The percentage of total IND dose recovered in the urine was higher in the high ODM group (35.7%) compared to the other groups (7.7 and 7.2%), and associated with PNA at the end of urine collection (r2 = 0.497; p = 0.002). There were no statistically significant differences in demographics between the three metabolic groups, but infants in Group 3 (high ODM excretions) tended to be older in gestational age and PNA. In addition, Group 2 was majority African American. None of the infants were concomitantly treated with drugs which induce (phenobarbital, rifampin) or inhibit (fluconazole) the major indomethacin metabolic enzymes. There was one infant who failed to close their PDA and required surgical ligation in Group 3. There was one infant diagnosed with severe IVH (Grade IV) in Group 2.

Discussion

Changes in the relative contributions of competing biotransformation pathways over time will not be captured by sampling strategies limited to the first 24 h after treatment begins. Although labor intensive, the data collected from longitudinal designs provide valuable new insights into the developmental changes occurring over a course of treatment and should be considered in the design of future drug studies in this population. The observation of distinct developmental patterns for IND clearance pathways implies that different dosing strategies may be required.
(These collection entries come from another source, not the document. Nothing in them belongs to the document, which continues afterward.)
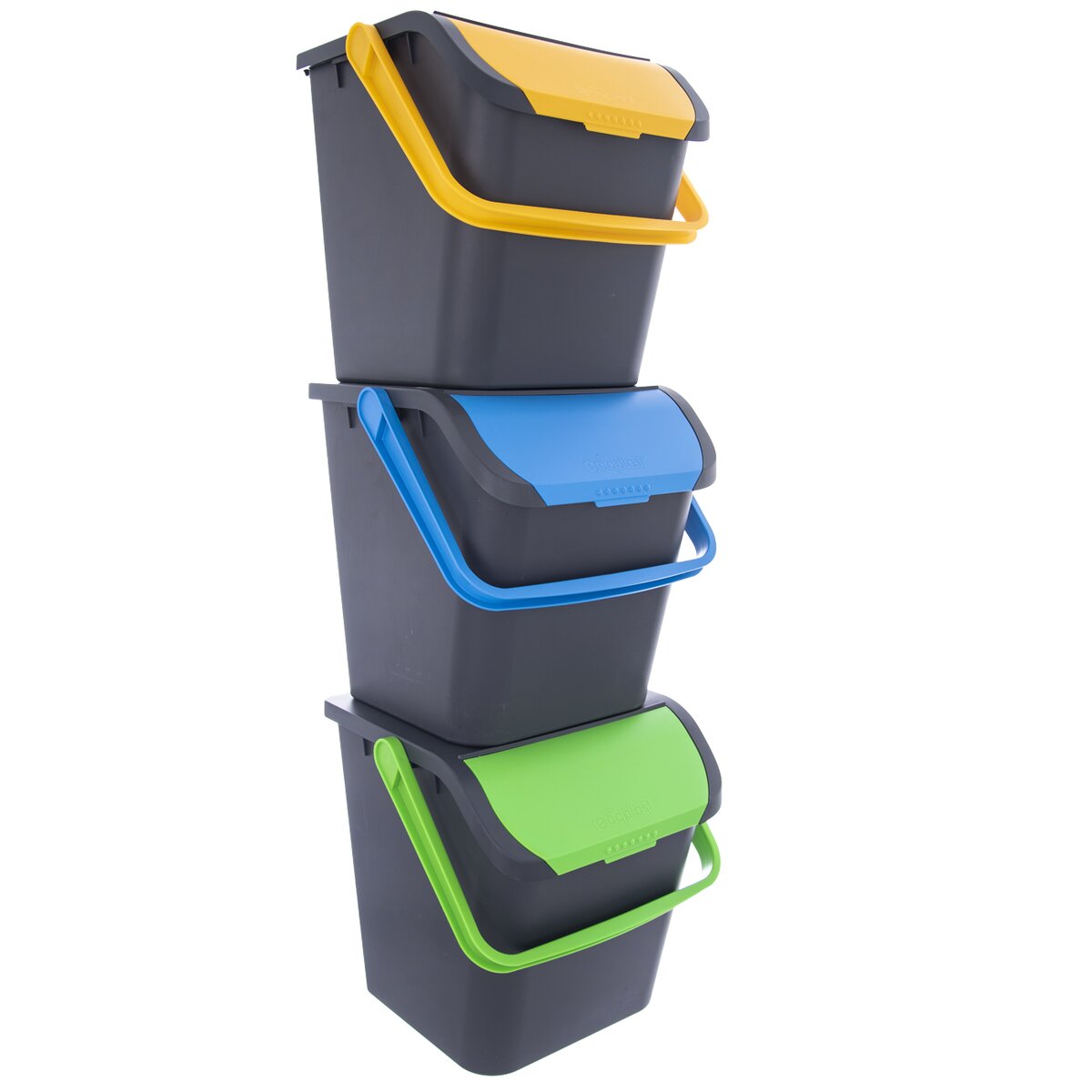 Odpadkový koš je základem každé domácnosti. Tento plastový koš má praktické ucho na přenášení a žluté víko - určen pro třídění plastu. Pořídíte-li si více kusů, můžete je využít i jako soupravu na tříděný odpad. Koše lze prakticky stohovat na sebe, takže nezaberou tolik místa na podlaze.
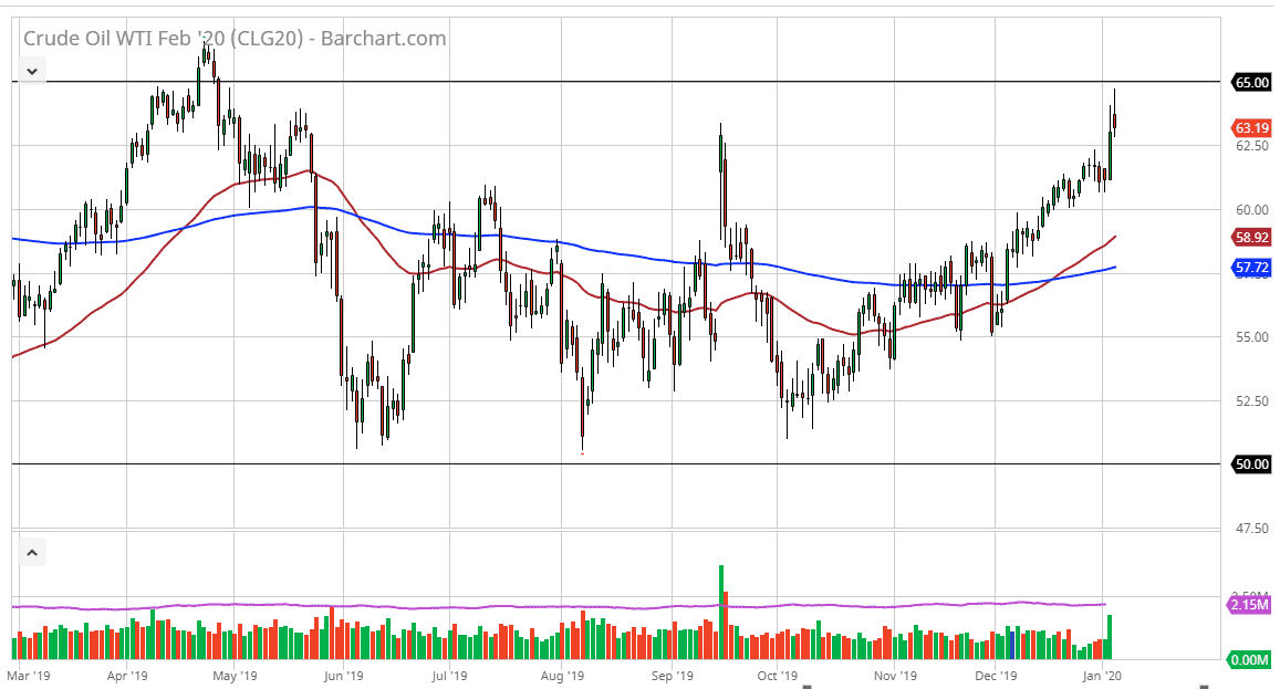 Crude oil markets have been very strong over the last couple of trading sessions after the United States killed a top ranking Iranian general. However, at the first signs of serious trouble we have seen the market rollover again. The fact that the WTI market could not break above the $65 level is somewhat telling, because we are still recognizing the previous resistance barriers. If tensions rising in the Middle East cannot drive prices higher, and we have been repulsed so drastically by this level, this tells me that there is underlying weakness when it comes to this market.
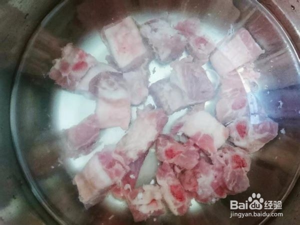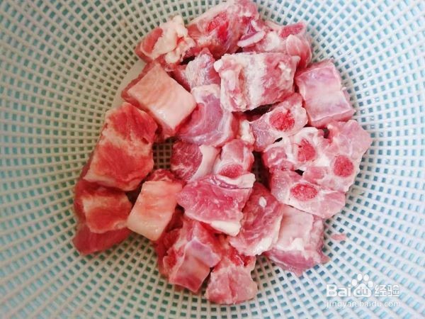 将排骨冷水入锅,水开后,瓢去浮沫,然后把排骨捞出,控干水份。
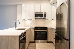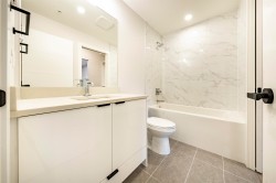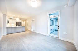 This spacious 679 sqft 1-Bedroom with 1-Den condo is located in Central Langley City. The unit includes 1 EV parking spot and 2 storage lockers. It features 9-foot ceilings, ultra-quiet stainless steel appliances, quartz stone countertops, and custom closets.The textured laminate Flooring in the kitchen, and living areas, bedroom and den. Building amenities include a fitness room, roof deck. Walking distance away from schools, shopping, dining and the upcoming Langley/Surrey Skytrain station. OPEN HOUSE 2-4 SUN (Feb 1)
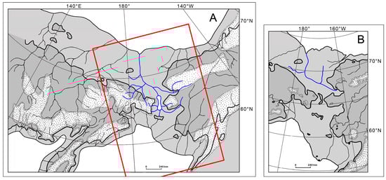 Hydrography of Beringia in the Late Pleistocene ocean regression: (A) after Chereshnev [50] with changes; (B) after Ager [51]. Dark gray, modern land; light gray, land borders 20–18 thousand years BC; white dotted contours, glaciers; white background, open water; rivers draining both continents are shown in blue. The red frame is the position of Figure 7B.
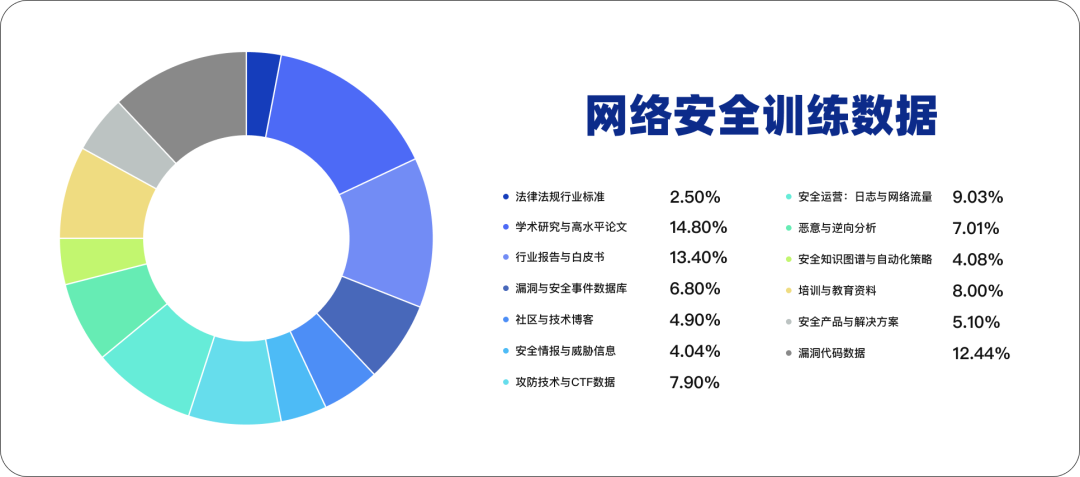 l实战对抗:包括漏洞详情、CTF题库、日志流量、恶意样本与逆向分析等数据,提升模型对真实攻击行为的识别与追踪能力;

Development of dosing models incorporating changes in fractional contribution of various metabolic pathways over time will allow for individualized patient dosing. If an individual patient’s IND dose is simulated a priori with this model, and subsequently refined by a urine or plasma sample, this may lead to more predictable drug exposure, efficacy, and toxicity profiles in preterm infants treated with IND for PDA.